Cui Kuangda, Ding Jianli, Wang Jinjie, Tan Jiao, Han Lijing, Li Jiangtao
College of Geography and Remote Sensing Sciences, Xinjiang University, Urumqi, China.
Xinjiang Key Laboratory of Oasis Ecology, Xinjiang University, Urumqi, China.
Front Plant Sci. 2025 Jul 9;16:1603159. doi: 10.3389/fpls.2025.1603159. eCollection 2025.
Soil salinization in Central Asia and Xinjiang, China, poses serious threats to agriculture and ecosystems. Solar-induced chlorophyll fluorescence (SIF), which reflects plant photosynthetic status and stress, shows promise for monitoring salinity but remains underutilized in this region.

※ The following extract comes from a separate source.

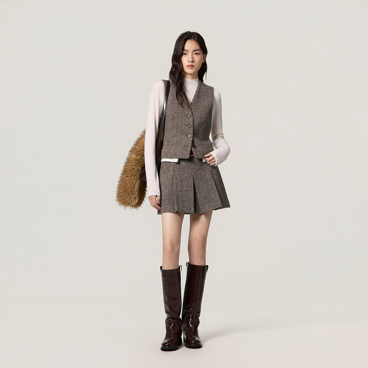 【热销补货】欧时力 羊毛双色呢V领马甲外套女背心后腰带冬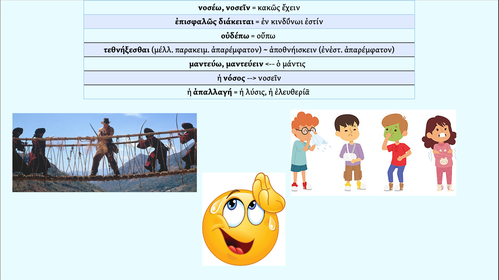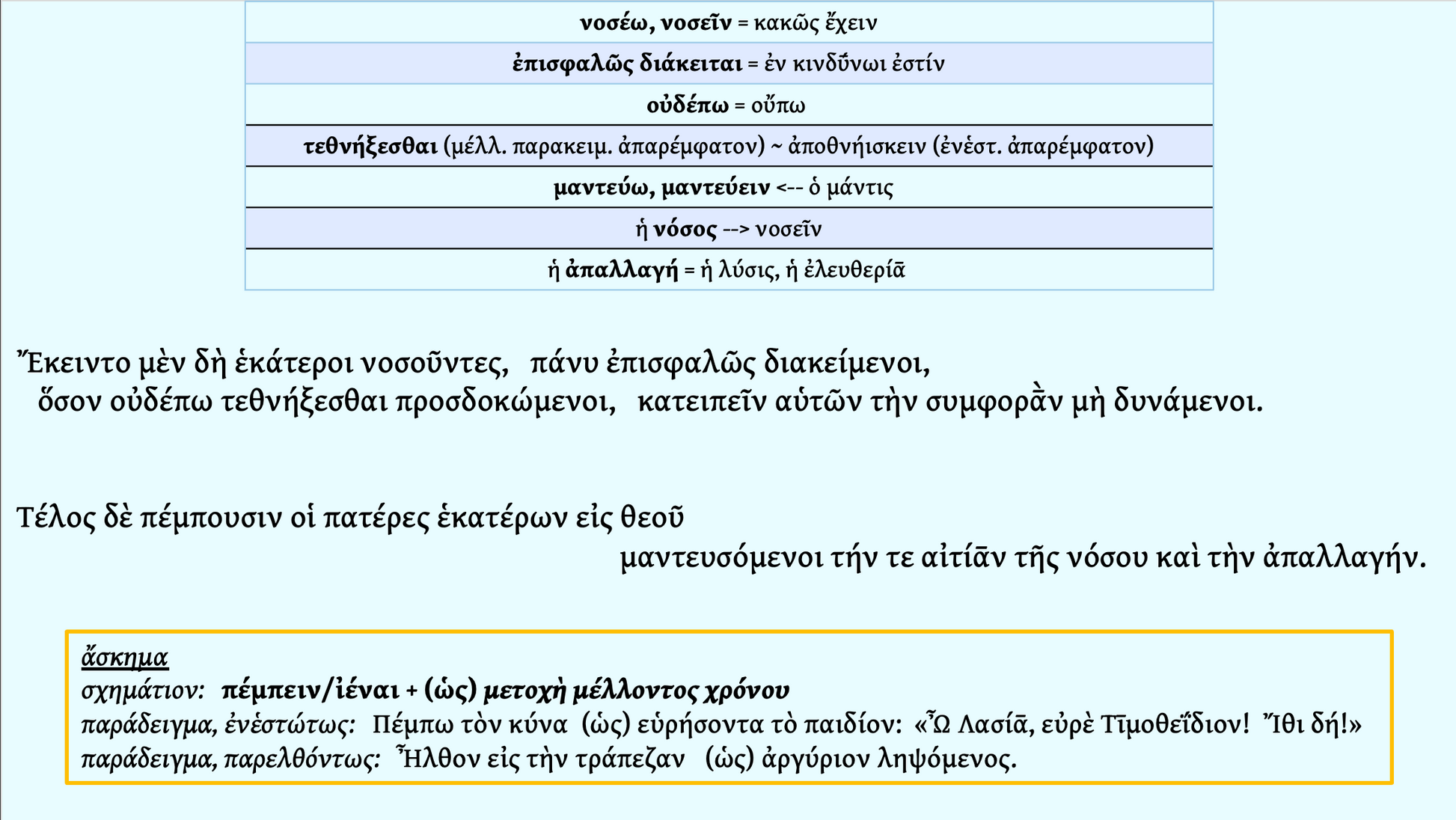 This type of formula, διακεῖσθαι + adverb, occurs frequently in the text and in Ancient Greek prose at large, and doesn’t pose a great challenge in comprehension. But have you ever uttered this phrase yourself? That’s what we will do in class! Based upon this formula, we will create our own phrases based on the formula and take turns speaking them aloud:

This study integrated SIF-derived indices (SIFI) with soil salinity data to build a region-specific prediction model. Using a random forest algorithm, soil salinity was classified into five levels based on satellite data and ground references from 2000-2020. Model performance, seasonal sensitivity, and spatial variation were analyzed across Central Asian countries and Xinjiang.
SIF effectively detected salinization dynamics, with highest sensitivity in Kazakhstan and Xinjiang. April was identified as the most responsive month, with SIFI1 being the key indicator. The model achieved over 80% accuracy in typical regions and around 70% in atypical regions. Kazakhstan had the largest salt-affected area, followed by Turkmenistan and Xinjiang. Tajikistan showed high variability, while Xinjiang remained relatively stable. Most areas exhibited increasing salinity and expansion of saline lands.
These findings demonstrate the potential of SIF-based monitoring for large-scale salinity assessment. The integration of plant physiological signals with machine learning provides a valuable tool for early warning and sustainable land management in arid regions.
中亚和中国新疆的土壤盐渍化对农业和生态系统构成严重威胁。太阳诱导叶绿素荧光(SIF)反映了植物的光合状态和胁迫情况,在监测盐度方面具有潜力,但在该地区仍未得到充分利用。
本研究将基于SIF的指数(SIFI)与土壤盐度数据相结合,构建特定区域的预测模型。利用随机森林算法,根据2000 - 2020年的卫星数据和地面参考资料,将土壤盐度分为五个等级。分析了中亚各国和新疆的模型性能、季节敏感性和空间变化。
SIF有效地检测到了盐渍化动态,在哈萨克斯坦和新疆的敏感性最高。4月被确定为响应最明显的月份,SIFI1是关键指标。该模型在典型区域的准确率超过80%,在非典型区域约为70%。哈萨克斯坦的盐渍化影响面积最大,其次是土库曼斯坦和新疆。塔吉克斯坦表现出高度变异性,而新疆相对稳定。大多数地区盐度上升,盐渍土地面积扩大。
这些发现证明了基于SIF的监测在大规模盐度评估中的潜力。将植物生理信号与机器学习相结合,为干旱地区的早期预警和可持续土地管理提供了一个有价值的工具。